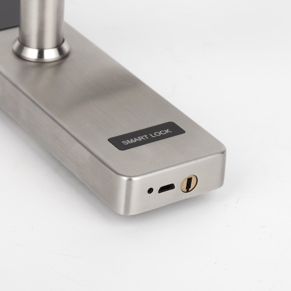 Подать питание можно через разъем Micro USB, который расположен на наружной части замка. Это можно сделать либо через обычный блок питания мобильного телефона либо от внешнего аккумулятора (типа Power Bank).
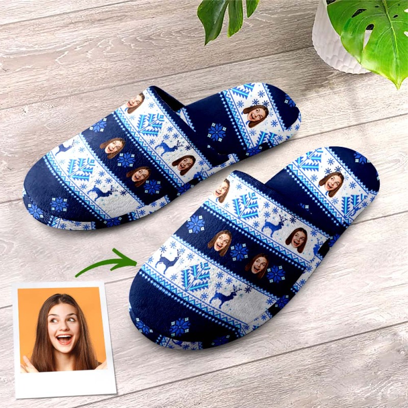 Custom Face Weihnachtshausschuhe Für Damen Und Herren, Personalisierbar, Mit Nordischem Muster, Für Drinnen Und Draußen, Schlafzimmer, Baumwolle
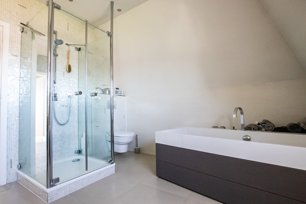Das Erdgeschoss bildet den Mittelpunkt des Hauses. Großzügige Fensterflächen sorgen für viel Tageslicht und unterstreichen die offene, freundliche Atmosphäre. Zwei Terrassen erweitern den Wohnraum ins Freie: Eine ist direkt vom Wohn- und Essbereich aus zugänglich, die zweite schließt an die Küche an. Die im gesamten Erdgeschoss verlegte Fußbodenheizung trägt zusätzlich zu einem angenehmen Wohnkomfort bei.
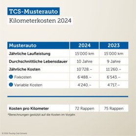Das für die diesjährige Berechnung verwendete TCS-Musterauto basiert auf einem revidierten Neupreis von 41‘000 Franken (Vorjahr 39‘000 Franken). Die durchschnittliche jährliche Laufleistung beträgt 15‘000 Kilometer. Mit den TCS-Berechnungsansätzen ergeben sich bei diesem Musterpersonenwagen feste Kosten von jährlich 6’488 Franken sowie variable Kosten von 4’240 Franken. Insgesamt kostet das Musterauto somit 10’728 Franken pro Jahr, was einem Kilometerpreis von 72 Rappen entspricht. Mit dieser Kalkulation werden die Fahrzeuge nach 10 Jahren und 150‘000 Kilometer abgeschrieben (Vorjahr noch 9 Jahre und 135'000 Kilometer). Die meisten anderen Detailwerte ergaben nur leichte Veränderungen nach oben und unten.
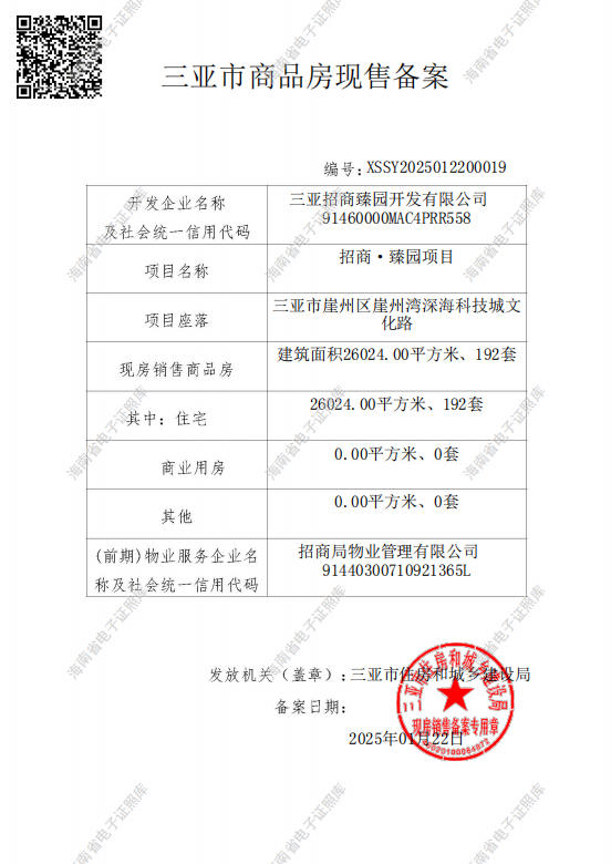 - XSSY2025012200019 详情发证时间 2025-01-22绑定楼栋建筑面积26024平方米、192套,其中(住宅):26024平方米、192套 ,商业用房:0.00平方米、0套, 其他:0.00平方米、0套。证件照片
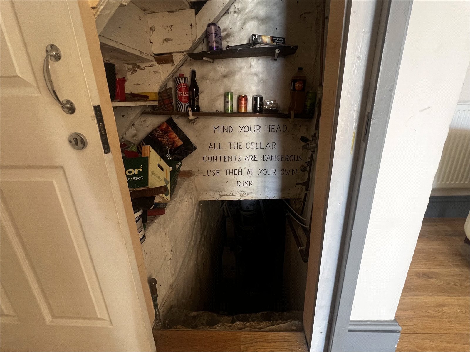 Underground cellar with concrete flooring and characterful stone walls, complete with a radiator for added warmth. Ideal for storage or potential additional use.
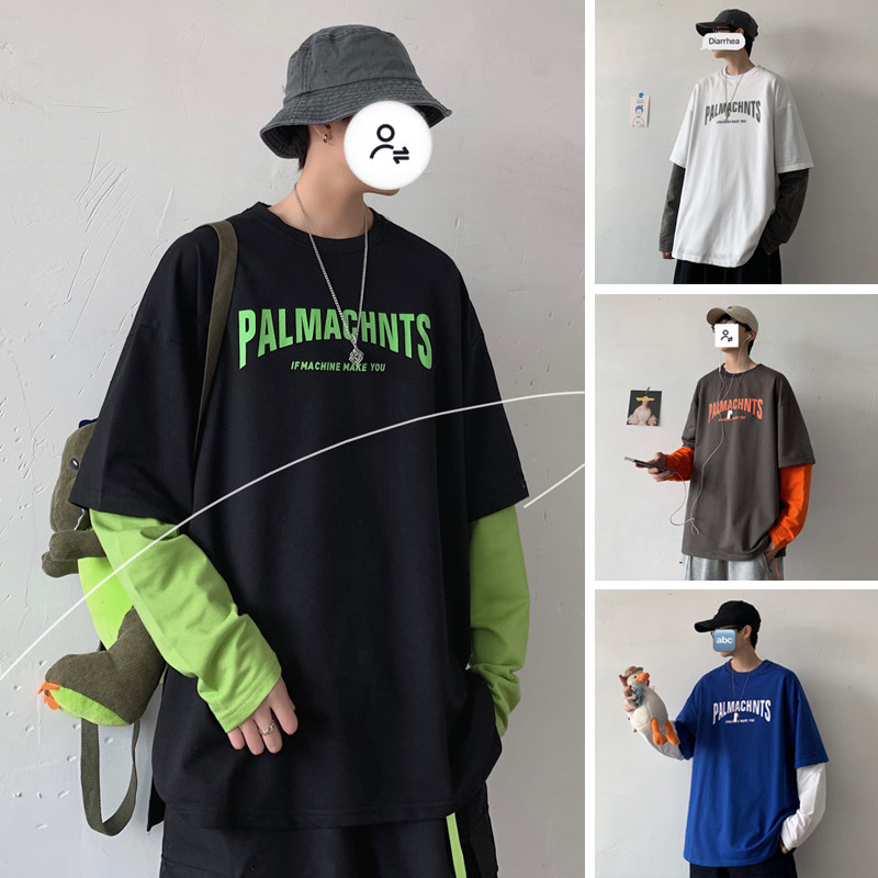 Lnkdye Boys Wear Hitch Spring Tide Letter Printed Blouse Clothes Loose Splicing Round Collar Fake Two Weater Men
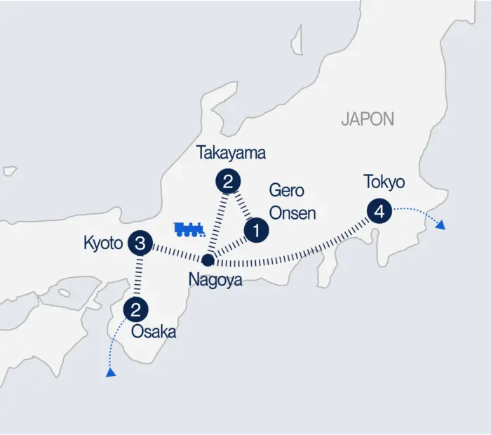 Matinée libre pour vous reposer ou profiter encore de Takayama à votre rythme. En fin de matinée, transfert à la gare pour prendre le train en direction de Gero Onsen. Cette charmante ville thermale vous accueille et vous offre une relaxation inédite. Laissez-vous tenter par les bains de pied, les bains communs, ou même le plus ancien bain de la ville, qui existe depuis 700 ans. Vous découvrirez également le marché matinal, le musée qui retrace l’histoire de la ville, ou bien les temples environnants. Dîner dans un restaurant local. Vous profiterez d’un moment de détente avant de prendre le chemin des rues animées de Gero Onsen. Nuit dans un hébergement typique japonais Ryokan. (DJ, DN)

Aim of the task:
Given the entries above, transcribe exactly the lines from the one holding "Das für die" through the one holding "- XSSY2025012200019 详情发证时间"; pictures do not belong in the transcription.

Output for this exercise:
Das für die diesjährige Berechnung verwendete TCS-Musterauto basiert auf einem revidierten Neupreis von 41‘000 Franken (Vorjahr 39‘000 Franken). Die durchschnittliche jährliche Laufleistung beträgt 15‘000 Kilometer. Mit den TCS-Berechnungsansätzen ergeben sich bei diesem Musterpersonenwagen feste Kosten von jährlich 6’488 Franken sowie variable Kosten von 4’240 Franken. Insgesamt kostet das Musterauto somit 10’728 Franken pro Jahr, was einem Kilometerpreis von 72 Rappen entspricht. Mit dieser Kalkulation werden die Fahrzeuge nach 10 Jahren und 150‘000 Kilometer abgeschrieben (Vorjahr noch 9 Jahre und 135'000 Kilometer). Die meisten anderen Detailwerte ergaben nur leichte Veränderungen nach oben und unten.
 - XSSY2025012200019 详情发证时间 2025-01-22绑定楼栋建筑面积26024平方米、192套,其中(住宅):26024平方米、192套 ,商业用房:0.00平方米、0套, 其他:0.00平方米、0套。证件照片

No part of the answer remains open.